Your goal: Please restate word for word the lines of the entries below from the one with "6月 15日土曜日 【" to the one with "Noémie Goudal challenges", inclusive, and leave out every picture.

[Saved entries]

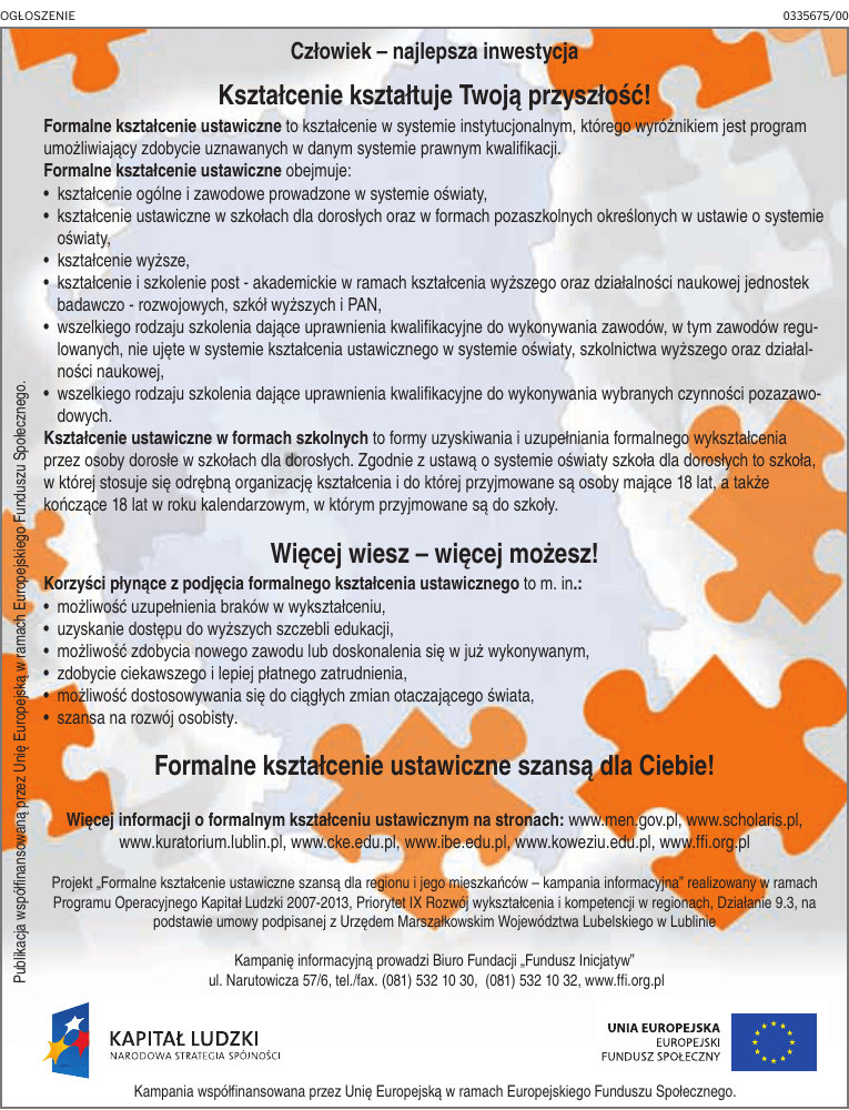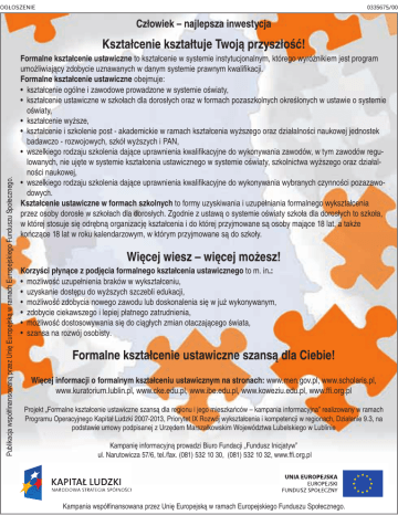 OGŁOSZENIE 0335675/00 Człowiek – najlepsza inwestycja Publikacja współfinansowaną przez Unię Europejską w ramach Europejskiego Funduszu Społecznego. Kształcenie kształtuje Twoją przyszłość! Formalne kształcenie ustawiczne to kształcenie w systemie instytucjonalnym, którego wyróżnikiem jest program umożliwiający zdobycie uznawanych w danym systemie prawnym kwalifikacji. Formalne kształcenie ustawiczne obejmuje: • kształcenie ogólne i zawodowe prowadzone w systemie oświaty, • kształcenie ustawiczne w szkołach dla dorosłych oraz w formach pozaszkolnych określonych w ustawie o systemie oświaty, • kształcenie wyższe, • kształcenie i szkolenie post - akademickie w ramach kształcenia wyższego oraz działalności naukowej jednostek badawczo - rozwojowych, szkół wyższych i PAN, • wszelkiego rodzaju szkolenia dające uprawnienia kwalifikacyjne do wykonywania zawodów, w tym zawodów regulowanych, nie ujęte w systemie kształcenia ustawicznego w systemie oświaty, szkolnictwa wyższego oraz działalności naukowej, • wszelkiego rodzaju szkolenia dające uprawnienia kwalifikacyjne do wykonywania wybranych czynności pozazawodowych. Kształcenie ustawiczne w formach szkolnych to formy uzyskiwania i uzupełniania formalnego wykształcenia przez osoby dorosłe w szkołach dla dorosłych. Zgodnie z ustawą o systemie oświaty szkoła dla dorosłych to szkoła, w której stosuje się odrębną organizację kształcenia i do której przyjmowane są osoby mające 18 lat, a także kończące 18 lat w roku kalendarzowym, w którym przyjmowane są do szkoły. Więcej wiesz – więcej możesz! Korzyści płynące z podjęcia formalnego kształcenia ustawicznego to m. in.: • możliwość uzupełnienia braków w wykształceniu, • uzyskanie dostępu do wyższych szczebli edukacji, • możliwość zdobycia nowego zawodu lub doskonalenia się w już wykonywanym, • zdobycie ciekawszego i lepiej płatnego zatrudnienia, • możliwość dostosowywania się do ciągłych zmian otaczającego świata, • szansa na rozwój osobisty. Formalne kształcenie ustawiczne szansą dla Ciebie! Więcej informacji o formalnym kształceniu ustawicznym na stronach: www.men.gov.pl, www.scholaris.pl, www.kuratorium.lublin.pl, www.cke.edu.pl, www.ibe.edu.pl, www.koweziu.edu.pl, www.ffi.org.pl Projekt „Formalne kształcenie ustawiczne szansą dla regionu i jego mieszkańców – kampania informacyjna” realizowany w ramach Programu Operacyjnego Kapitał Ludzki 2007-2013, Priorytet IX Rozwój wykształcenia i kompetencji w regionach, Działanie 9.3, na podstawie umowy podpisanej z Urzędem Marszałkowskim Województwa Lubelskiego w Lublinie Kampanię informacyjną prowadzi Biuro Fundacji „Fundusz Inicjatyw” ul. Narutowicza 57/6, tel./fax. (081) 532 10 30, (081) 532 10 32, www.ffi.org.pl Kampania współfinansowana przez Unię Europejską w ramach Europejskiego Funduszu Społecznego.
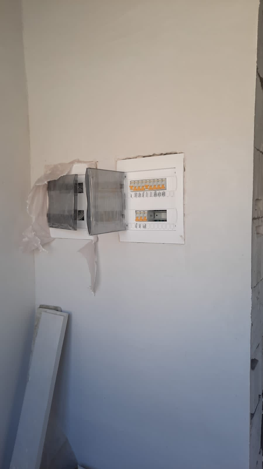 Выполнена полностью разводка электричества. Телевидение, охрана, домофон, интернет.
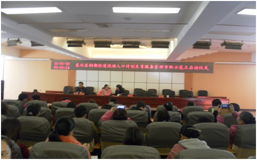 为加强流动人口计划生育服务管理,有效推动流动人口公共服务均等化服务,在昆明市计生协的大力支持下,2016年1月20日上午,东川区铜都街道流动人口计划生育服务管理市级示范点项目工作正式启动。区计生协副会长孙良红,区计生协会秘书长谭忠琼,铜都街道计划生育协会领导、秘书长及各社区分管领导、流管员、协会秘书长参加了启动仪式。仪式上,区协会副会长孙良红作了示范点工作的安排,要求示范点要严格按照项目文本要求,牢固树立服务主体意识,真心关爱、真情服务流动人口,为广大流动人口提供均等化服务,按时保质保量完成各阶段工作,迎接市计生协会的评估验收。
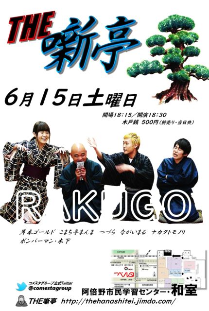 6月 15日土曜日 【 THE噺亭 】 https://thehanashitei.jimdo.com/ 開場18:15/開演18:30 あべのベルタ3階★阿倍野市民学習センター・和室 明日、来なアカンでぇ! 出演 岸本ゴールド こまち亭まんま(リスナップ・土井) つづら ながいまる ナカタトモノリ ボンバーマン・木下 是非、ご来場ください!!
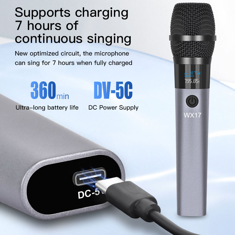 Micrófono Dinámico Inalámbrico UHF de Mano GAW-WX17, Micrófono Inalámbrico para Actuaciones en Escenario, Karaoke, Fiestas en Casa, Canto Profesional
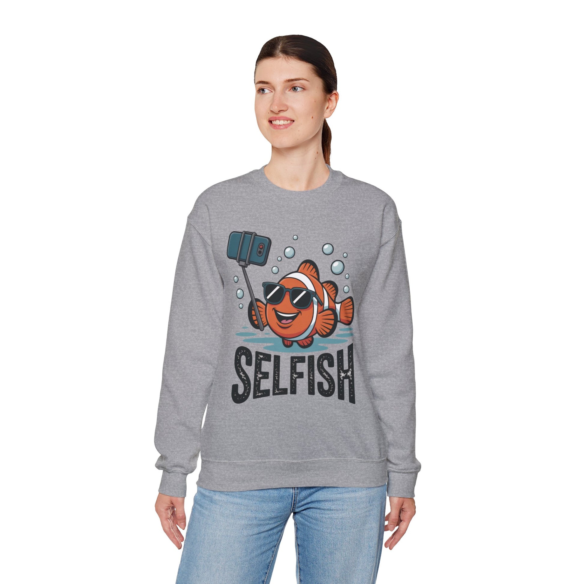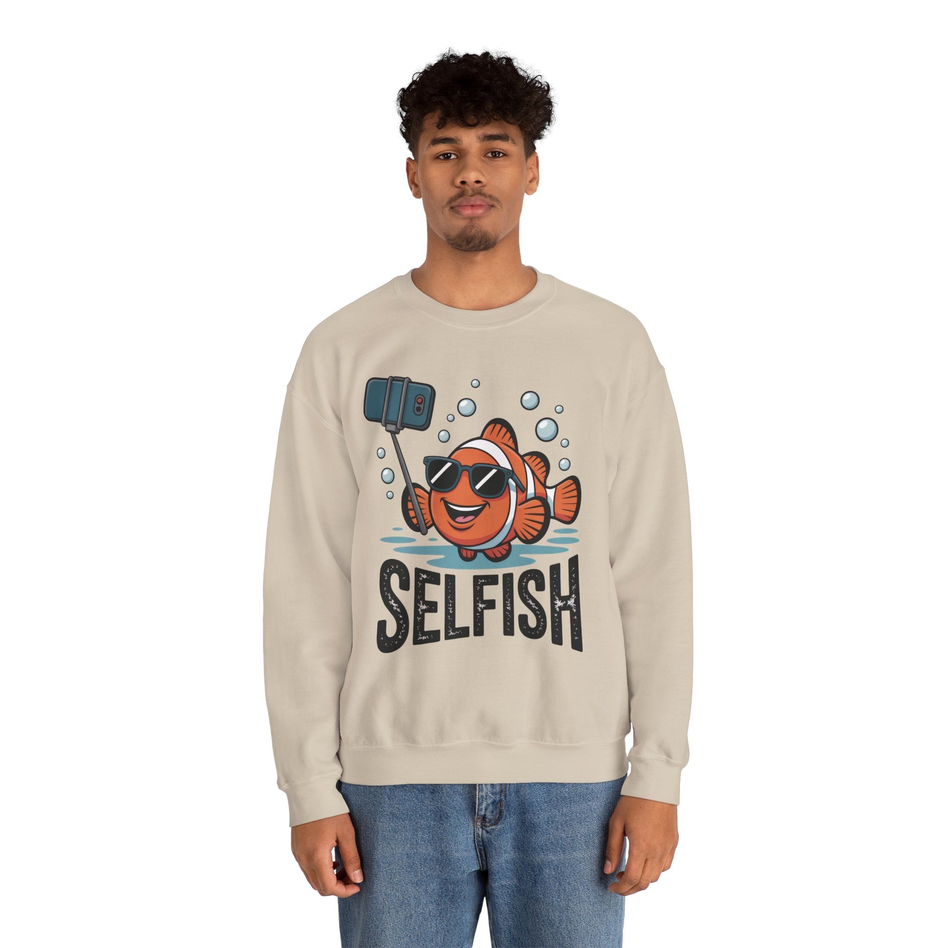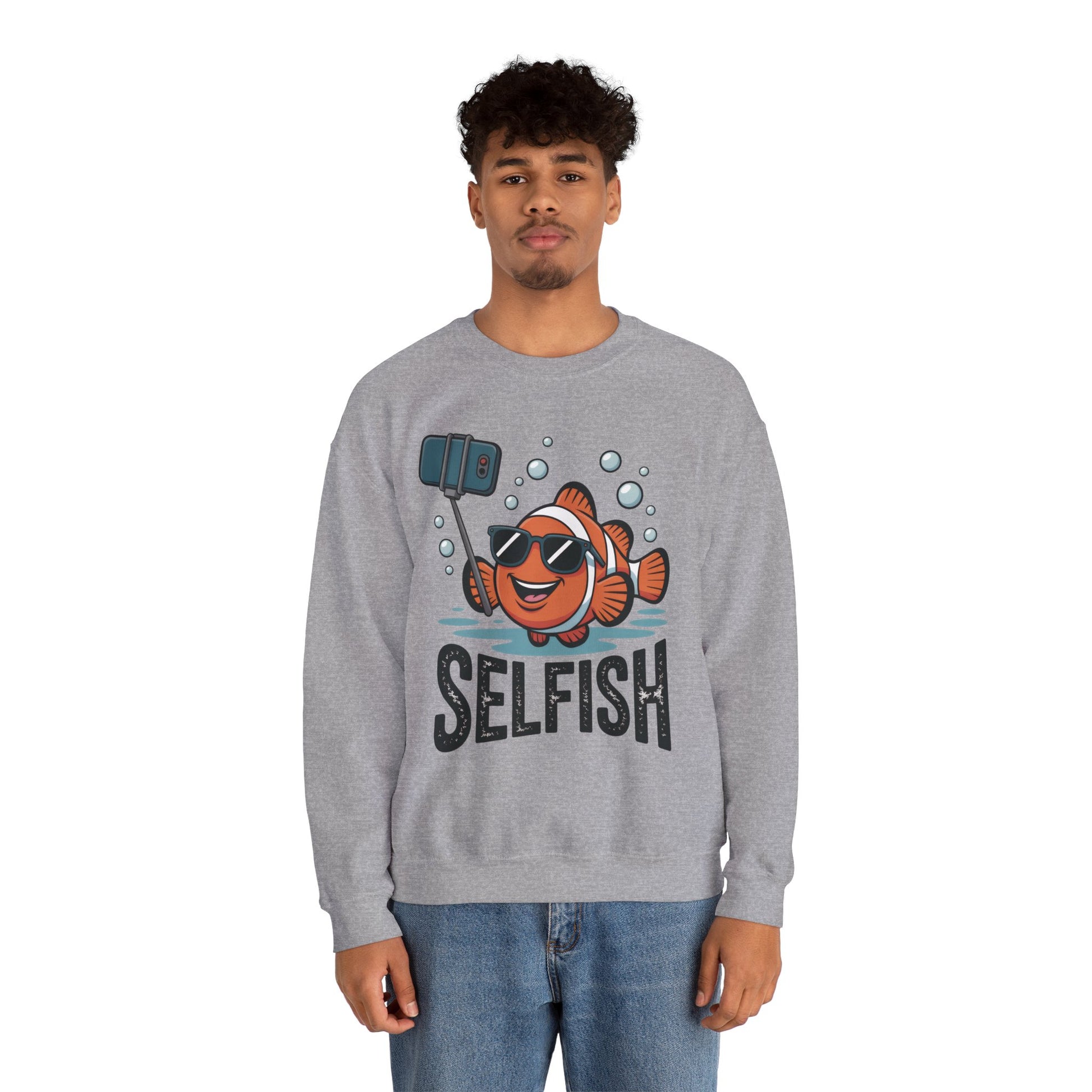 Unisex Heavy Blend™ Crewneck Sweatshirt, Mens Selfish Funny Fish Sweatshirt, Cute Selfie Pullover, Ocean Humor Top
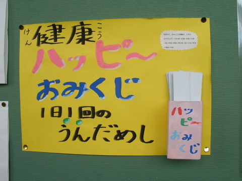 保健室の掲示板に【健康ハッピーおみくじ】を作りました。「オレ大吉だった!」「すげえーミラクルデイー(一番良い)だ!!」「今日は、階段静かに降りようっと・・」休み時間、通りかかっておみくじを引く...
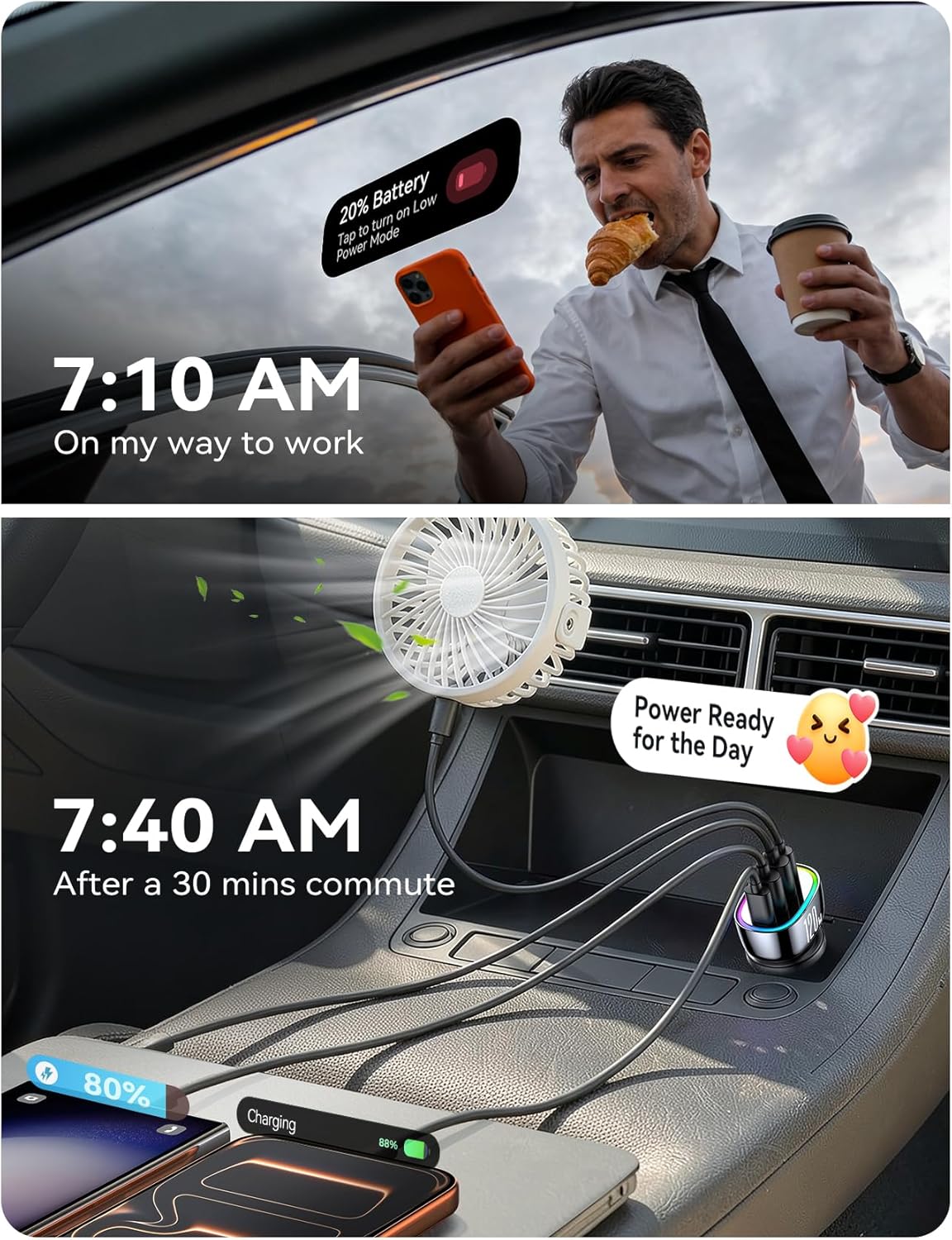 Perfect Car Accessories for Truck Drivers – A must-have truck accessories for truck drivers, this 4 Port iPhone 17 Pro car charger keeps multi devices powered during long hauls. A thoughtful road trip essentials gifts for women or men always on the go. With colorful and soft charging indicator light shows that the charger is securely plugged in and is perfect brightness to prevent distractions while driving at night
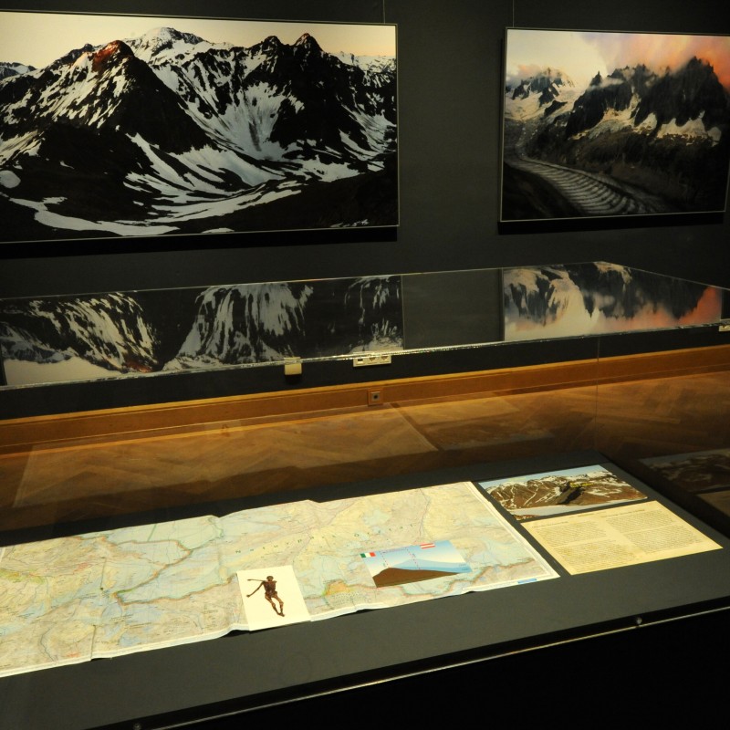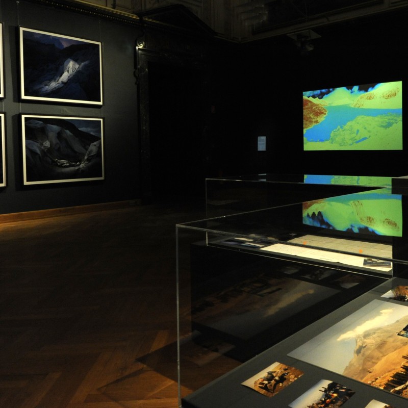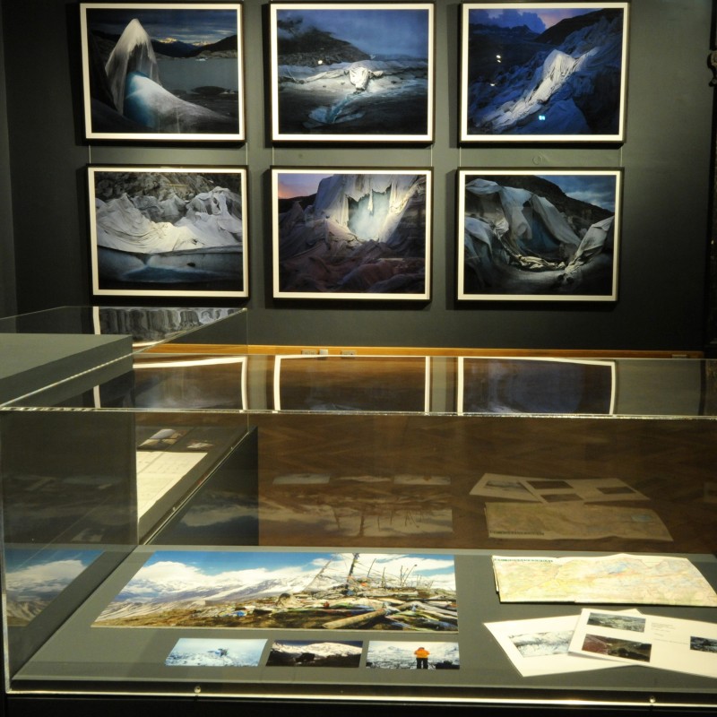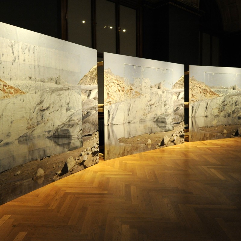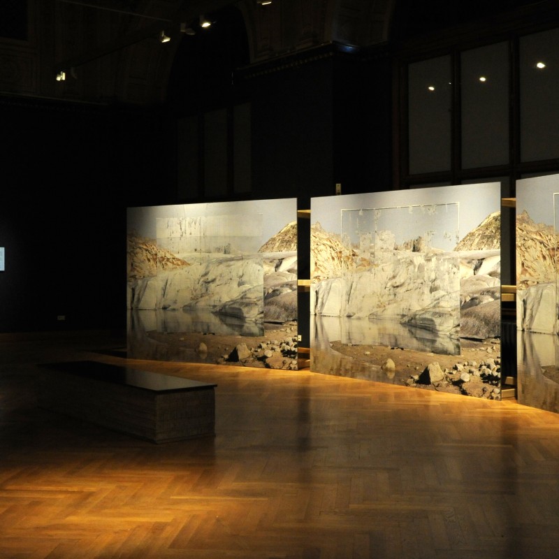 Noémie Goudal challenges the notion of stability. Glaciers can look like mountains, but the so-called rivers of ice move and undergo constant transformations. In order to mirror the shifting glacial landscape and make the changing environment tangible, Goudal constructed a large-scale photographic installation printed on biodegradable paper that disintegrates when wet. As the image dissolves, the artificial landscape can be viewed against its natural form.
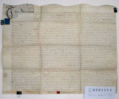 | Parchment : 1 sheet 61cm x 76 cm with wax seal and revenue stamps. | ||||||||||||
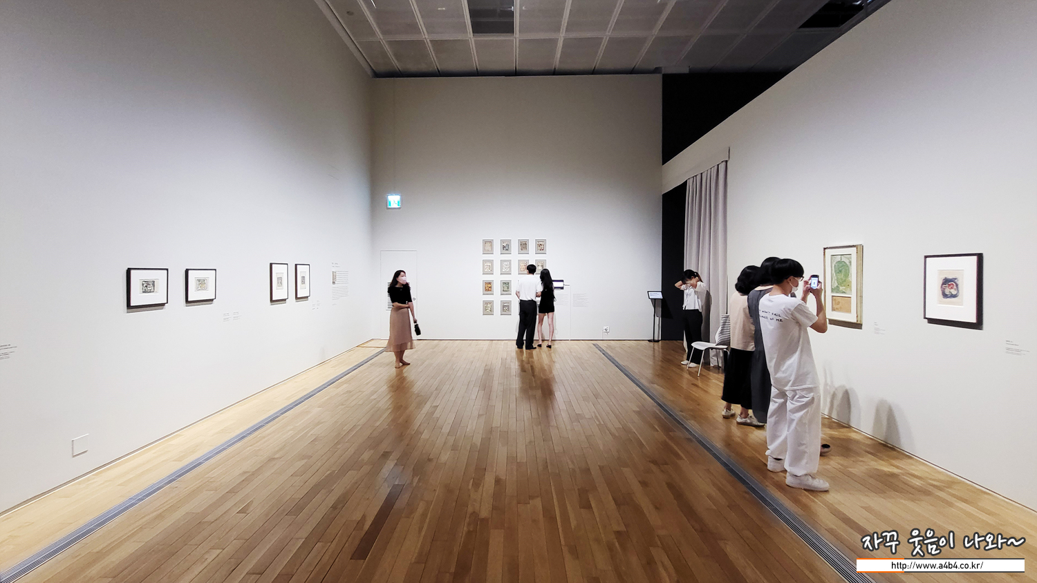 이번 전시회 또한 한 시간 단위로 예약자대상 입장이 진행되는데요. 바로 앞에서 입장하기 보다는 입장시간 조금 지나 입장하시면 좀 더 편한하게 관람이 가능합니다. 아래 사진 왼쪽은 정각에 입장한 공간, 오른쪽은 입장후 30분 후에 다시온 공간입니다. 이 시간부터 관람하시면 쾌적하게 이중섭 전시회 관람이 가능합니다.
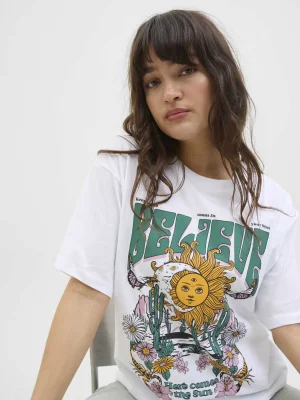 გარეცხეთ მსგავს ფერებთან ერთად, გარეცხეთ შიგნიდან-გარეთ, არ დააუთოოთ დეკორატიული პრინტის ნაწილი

Answer area:
 6月 15日土曜日 【 THE噺亭 】 https://thehanashitei.jimdo.com/ 開場18:15/開演18:30 あべのベルタ3階★阿倍野市民学習センター・和室 明日、来なアカンでぇ! 出演 岸本ゴールド こまち亭まんま(リスナップ・土井) つづら ながいまる ナカタトモノリ ボンバーマン・木下 是非、ご来場ください!!
 Micrófono Dinámico Inalámbrico UHF de Mano GAW-WX17, Micrófono Inalámbrico para Actuaciones en Escenario, Karaoke, Fiestas en Casa, Canto Profesional
 Unisex Heavy Blend™ Crewneck Sweatshirt, Mens Selfish Funny Fish Sweatshirt, Cute Selfie Pullover, Ocean Humor Top
 保健室の掲示板に【健康ハッピーおみくじ】を作りました。「オレ大吉だった!」「すげえーミラクルデイー(一番良い)だ!!」「今日は、階段静かに降りようっと・・」休み時間、通りかかっておみくじを引く...
 Perfect Car Accessories for Truck Drivers – A must-have truck accessories for truck drivers, this 4 Port iPhone 17 Pro car charger keeps multi devices powered during long hauls. A thoughtful road trip essentials gifts for women or men always on the go. With colorful and soft charging indicator light shows that the charger is securely plugged in and is perfect brightness to prevent distractions while driving at night
 Noémie Goudal challenges the notion of stability. Glaciers can look like mountains, but the so-called rivers of ice move and undergo constant transformations. In order to mirror the shifting glacial landscape and make the changing environment tangible, Goudal constructed a large-scale photographic installation printed on biodegradable paper that disintegrates when wet. As the image dissolves, the artificial landscape can be viewed against its natural form.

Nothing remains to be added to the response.